Follow these instructions:

  1. Get the service integration id by requesting the full list of integrations. Replace PROJECT, CLICKHOUSE_SERVICE_NAME and KAFKA_SERVICE_NAME with the names of your services:

avn service integration-list                        \
--project PROJECT_NAME                                   \
CLICKHOUSE_SERVICE_NAME | grep KAFKA_SERVICE_NAME
  1. Update the configuration settings using the service integration id retrieved in the previous step and your integration settings. Replace SERVICE_INTEGRATION_ID, CONNECTOR_TABLE_NAME, DATA_FORMAT and CONSUMER_NAME with your values:

avn service integration-update SERVICE_INTEGRATION_ID \
--project PROJECT_NAME                                \
--user-config-json '{
    "tables": [
        {
            "name": "CONNECTOR_TABLE_NAME",
            "columns": [
                {"name": "id", "type": "UInt64"},
                {"name": "name", "type": "String"}
            ],
            "topics": [{"name": "topic1"}, {"name": "topic2"}],
            "data_format": "DATA_FORMAT",
            "group_name": "CONSUMER_NAME"
        }
    ]
}'

Read and store data#

In Aiven for ClickHouse you can consume messages by running SELECT command. Replace KAFKA_SERVICE_NAME and CONNECTOR_TABLE_NAME with your values and run:

SELECT * FROM service_KAFKA_SERVICE_NAME.CONNECTOR_TABLE_NAME

However, the messages are only read once (per consumer group). If you want to store the messages for later, you can send them into a separate ClickHouse table with the help of a materialized view.

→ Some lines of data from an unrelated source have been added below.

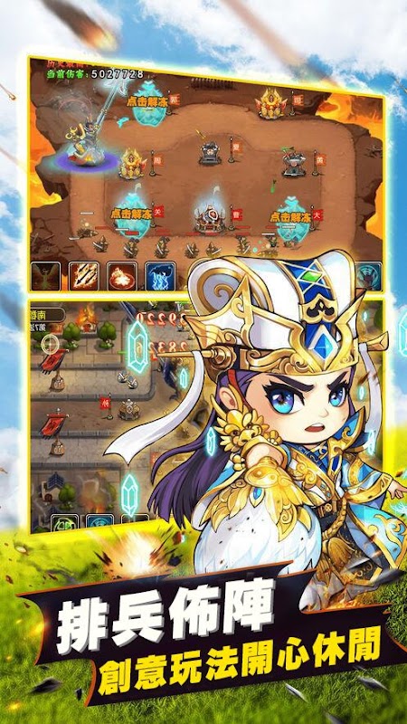 新概念塔防類三國手游震撼上線!全服熱血開戰! Q版英雄,萌味三國,群英矗立任你調遣,多名將多兵種,數百名三國英雄,鐵血抗敵。邀你一起出戰征程,亂世興旺由你掌控
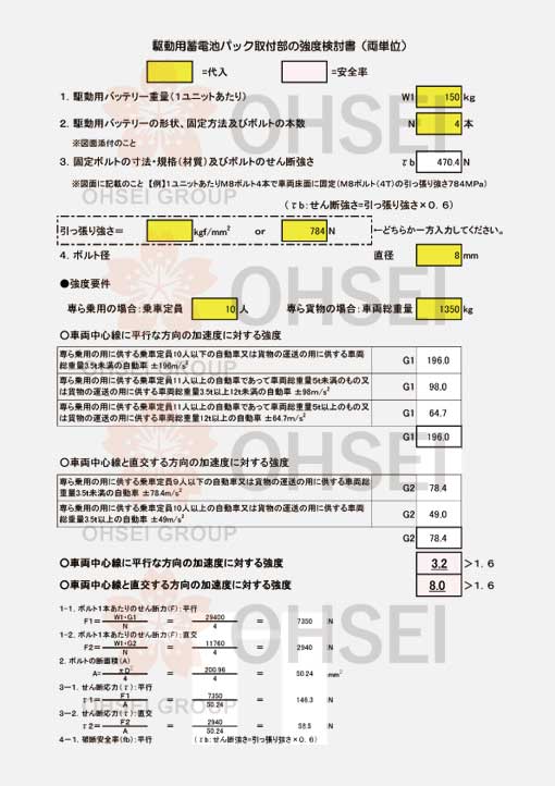 ●バッテリーを固定するボルトの強度等から計算し、取り付け部の強度を検討します。
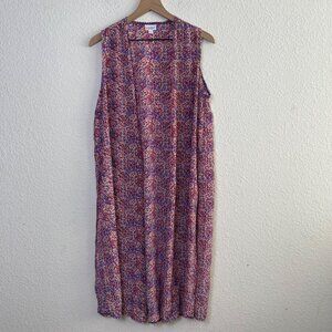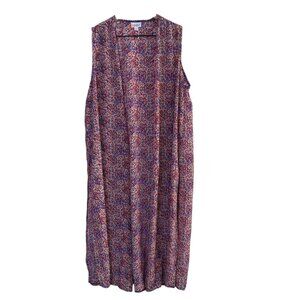 LuLaRoe Joy Vest Medium Longline Sleeveless Orange Purple Beige Lightweight Laye
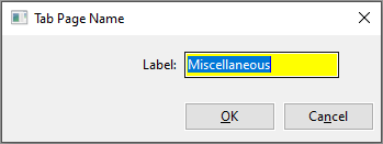 In the Tab Page Name window that opens, enter Miscellaneous in the Label entry.

For example, run to creating a destination table:

CREATE TABLE destination (id UInt64, name String)
ENGINE = ReplicatedMergeTree()
ORDER BY id;

Add a materialised view to bring the data from the connector:

CREATE MATERIALIZED VIEW materialised_view TO destination AS
SELECT *
FROM service_KAFKA_SERVICE_NAME.CONNECTOR_TABLE_NAME;

Now the messages consumed from the Apache Kafka topic will be read automatically and sent into the destination table directly.

See also

For more information on materialized views, see Create materialized views in ClickHouse®.

Note

ClickHouse is strict about allowed symbols in database and table names. You can use backticks around the names when running ClickHouse requests, particularly in the cases when the name contains dashes.

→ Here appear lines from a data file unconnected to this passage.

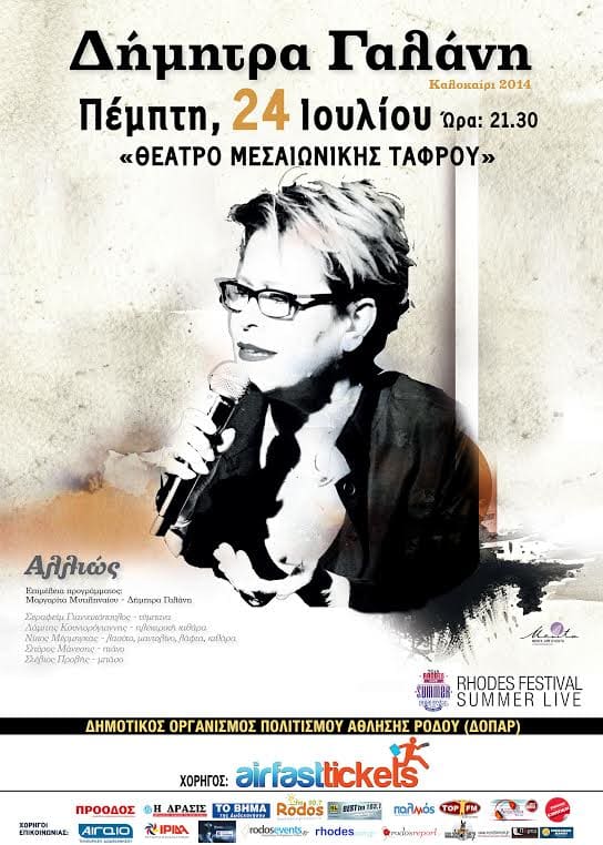 Δήμητρα Γαλάνη Καλοκαίρι 2014 Live στο Θέατρο Μεσαιωνικής Τάφρου «Αλλιώς» Πέμπτη 24 Ιουλίου Φέτος το καλοκαίρι θα
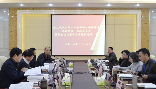 广西人力资源和社会保障厅张远处长、陈振成主任莅临我校指导国改示范校建设中期检查工作
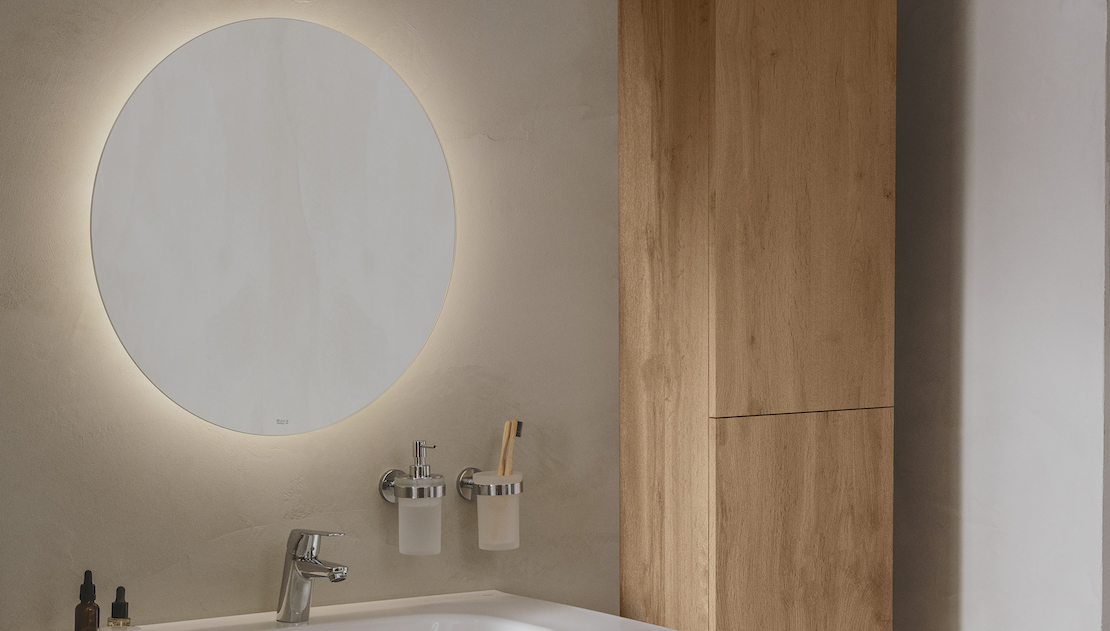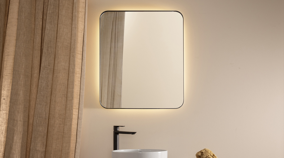The shape of your mirror can affect the look and feel of your bathroom. The oval mirror is a popular new look in bathrooms and offers an element of surprise and style. The Luna Ambient and Luna Frame collections both feature the elongated form. Square or rectangular mirrors can be used to create a sense of order and formality within a space, enhancing the classic or traditional ambience. Luna Frame square mirror with perimetral LED lighting offers an elegant and functional solution. Round mirrors can soften angular spaces, creating a harmonious visual environment. The Luna Ambient round mirror, with its perimetral LED lighting, is an ideal solution for achieving a polished and balanced look.
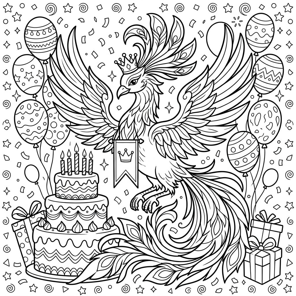 Prepare to immerse yourself in a vibrant celebration as a magnificent Royal Phoenix takes center stage on this captivating coloring page. Adorned with a grand crown and holding a banner, this mythical bird is the epitome of regal splendor. Surrounding this majestic creature are all the hallmarks of an unforgettable birthday bash: a beautifully tiered cake with glowing candles, an abundance of intricately patterned balloons, and carefully wrapped gift boxes waiting to be opened. The air is filled with falling confetti and sparkling stars, inviting you to bring this festive scene to life.
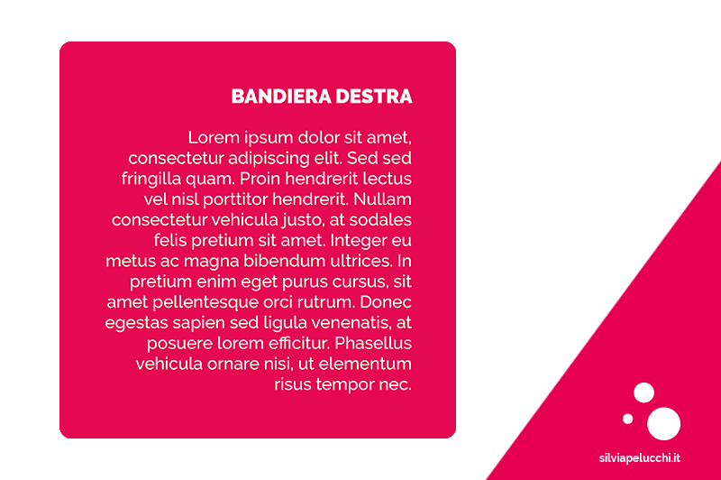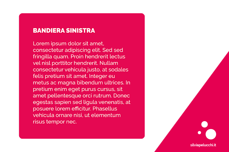 Le linee dell’impostazione a bandiera sinistra sono tutte allineate sul lato sinistro. è l’allineamento più usato in quanto porta numerosi vantaggi come per esempio l’omogeneità degli spazi tra le parole che è dato dal carattere che vogliamo usare e non varia da riga a riga come nel giustificato, ha una buona leggibilità in quanto segue l’andamento naturale della scrittura occidentale, attenzione però a non andare a capo troppo spesso spezzando le parole.

Write data back to the topic#

You can also bring the entries from ClickHouse table into the Apache Kafka topic. Replace KAFKA_SERVICE_NAME and CONNECTOR_TABLE_NAME with your values:

INSERT INTO service_KAFKA_SERVICE_NAME.CONNECTOR_TABLE_NAME(id, name)
VALUES (1, 'Michelangelo')

Warning

Writing to more than one topic is not supported.

Reference#

When connecting ClickHouse® to Kafka® using Aiven integrations, data exchange requires using specific formats. Check the supported formats for input and output data in Formats for ClickHouse®-Kafka® data exchange.